И тогда я вскочил – и в проём – и уж в зале ищу – как собака, ищу – чтоб вцепиться, втащить, о прощенье заставить молить – на коленях молить! Неужели ушёл? Он не должен уйти! Здесь он, здесь! Да, часы пронеслись – но он здесь! И искал – и увидел. Схватил, потащил. Тот ответно схватил, ловко выкрутил руку, и, прижатому к стенке, прошипел: «Что, сдурел?» Только так я ответил: «Пойдём!», что пошёл – без вопросов пошёл. И вошли – и лицом их к лицу!.. Только там – пустота. Убежала. Зачем? Неужели решила: удрал? Как последний подлец!.. Боже мой! Я же предал её. Как мальчишка, дурак, сгоряча. Не сказал, что вернусь, чтоб ждала. Руки ей целовал, как Иуда. Подлец!.. И вот тут я обмяк, и почти повалился на стул, и схватился за грудь… Под язык! Но, похоже, что зря. За предательство – кара. Сдыхай! И вот тут: мысль – не мысль – смутный образ: она.
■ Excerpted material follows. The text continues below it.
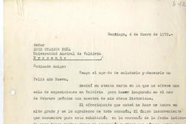 Agradece su invitación a exponer en Valdivia, pero desearía que antes viera su obra personalmente.

Видел, видел её – краем глаза, в зале, возле картин. Трепыхаясь в железных руках – уловил тень движенья – и вдруг понял сейчас: да ведь это она устремилась помочь. А потом, увидав, что не надо, ушла. Может, видеть его не желала, не считала достойным узнать. И мне тоже молчать? Всё же исповедь, тайна – хоть я и не поп. Извиниться? Сказать – обознался? Только он – боевой офицер и разведчик, и сам рвался на фронт из больничного рая. И своих подчинённых берёг. Не могу до конца презирать, хоть во многом он гад! И, каким бы он ни был – пусть знает о ней! И я что-то ему расскажу – хоть, конечно, не всё… Рассосалась таблетка, остыл. Он с волненьем смотрел: «Чем помочь? Может, вызвать врача?» – «Подожди. Посиди. Отойдёт – объясню» …И к портретам повёл. И, смотря на портрет, в рассечённое шрамом лицо, а порой – на него – объяснил. Он стал бледным, уверенность спала с лица – и такая вдруг боль заструилась из глаз! И тяжёлый, большой человек вдруг упал на колени, – я б не стал – это слишком картинно – но такой уж он был, – и поклоном земным поклонился портрету – и не крикнул, а выдавил слово: «Прости!» …И простила она. Словно что-то мелькнуло в лице – и ещё стал иконней портрет – и добрей и живей всех икон. И ещё с большей силой тянулись обрубки людей в оживляющий свет – с фронтового рисунка напротив. Я теперь понимал, кто они. И я знал, что в их страшных, обрубленных жизнях, в искорёженных лицах с глазами и без – под завалами грязи и мрака трепетал огонёк, не давая сомкнуться всевластию тьмы. И, пока он стоял перед ней, я без слов отдал долг человеку с резким, властным лицом – и, слегка склонив голову, в мыслях молвил: «Спасибо!»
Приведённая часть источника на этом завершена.